We have enabled administrative security but the change will not take effect until we restart the server. Restart the server and go to admin console. Since security is enabled, you will be asked to accept a certificate and login using the WAS admin username and password you specified in ldap. From this point on, Apache DS must be running before you can administer the server.

Edit on Sunday Feb 18, 2007: Corrected the value of Bind distinguish name (DN): to read

Bind distinguish name (DN): uid=wasadmin,ou=people,dc=example,dc=com (entry that uniquely identifies wasadmin user)

As we will see shortly, a user may be part part of an organizational unit AND may belong to a group.

Creating groups and users

The high level steps to create users and groups are:

1. Create organizational units to hold users and groups
2. Create wasadmin user
3. Create application user
4. Create groups

To create the above items, you can specify all the information in a text file, commonly known as ldif file and load the file in the ldap server. Create a file called organizational_units.ldif and put the following content in it. If you are completely unfamiliar with LDAP concepts, this article may be a good start.

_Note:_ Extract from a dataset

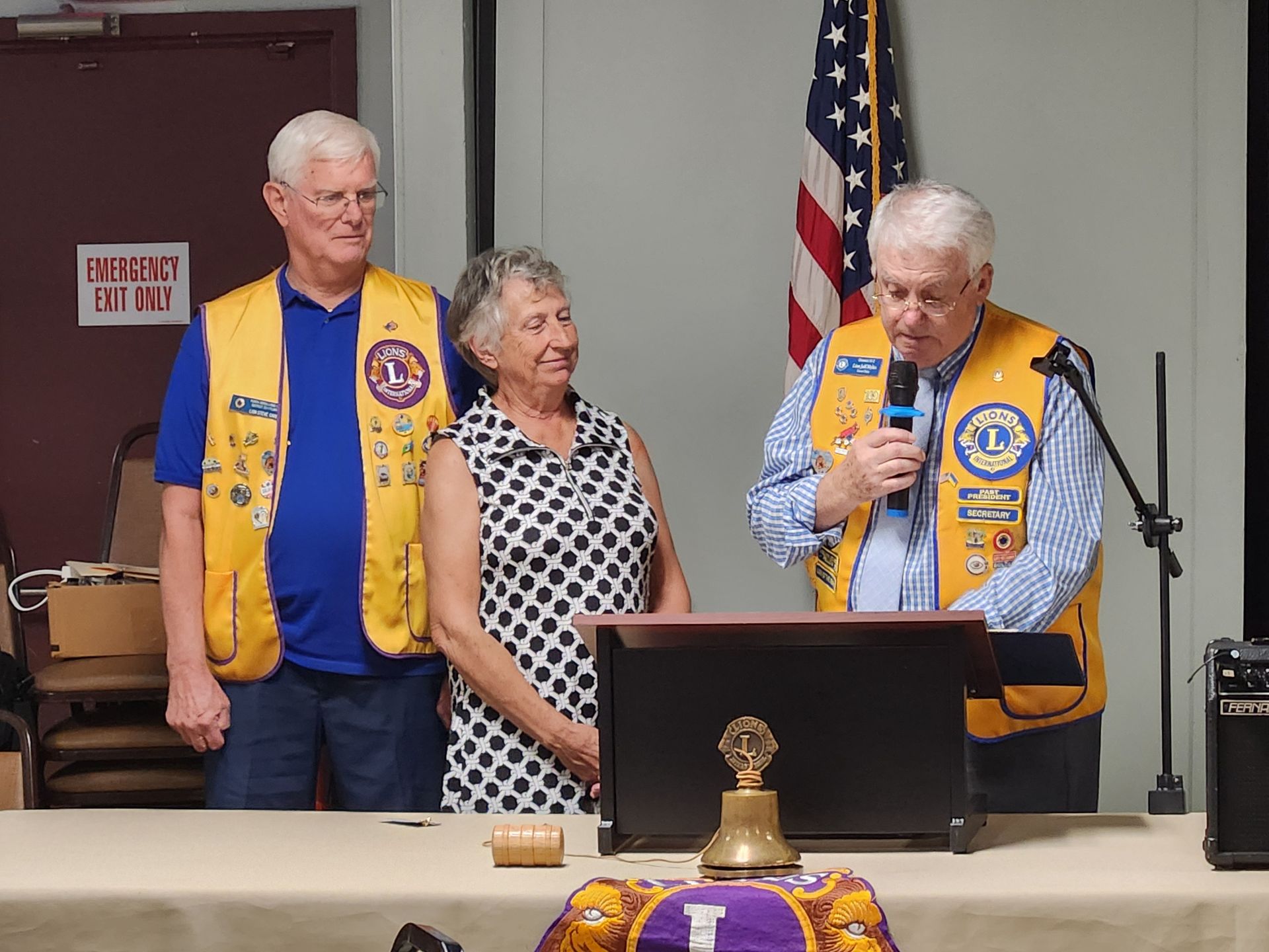 Punta Gorda Lion Reggie Weiss receives his 60 year membership chevron presented by Lion Monte Barksdale and Lion Jeanne Wells.

In JXplorer, select LDIF >  Import File, select this file and click Open. This will result in two new organizational units, ou=people and ou=groups under dc=example,dc=com. 

We will put all users (including system users) in people ou and all groups in groups ou. Let's create users first. Create a file called users.ldif and put the following content in it.

Importing the file above creates 2 users under ou=people,dc=example,dc=com. For example, the dn of the wasadmin users becomes, uid=wasadmin,ou=people,dc=example,dc=com. We will use this dn to login to WAS admin console after we enable administrative security. 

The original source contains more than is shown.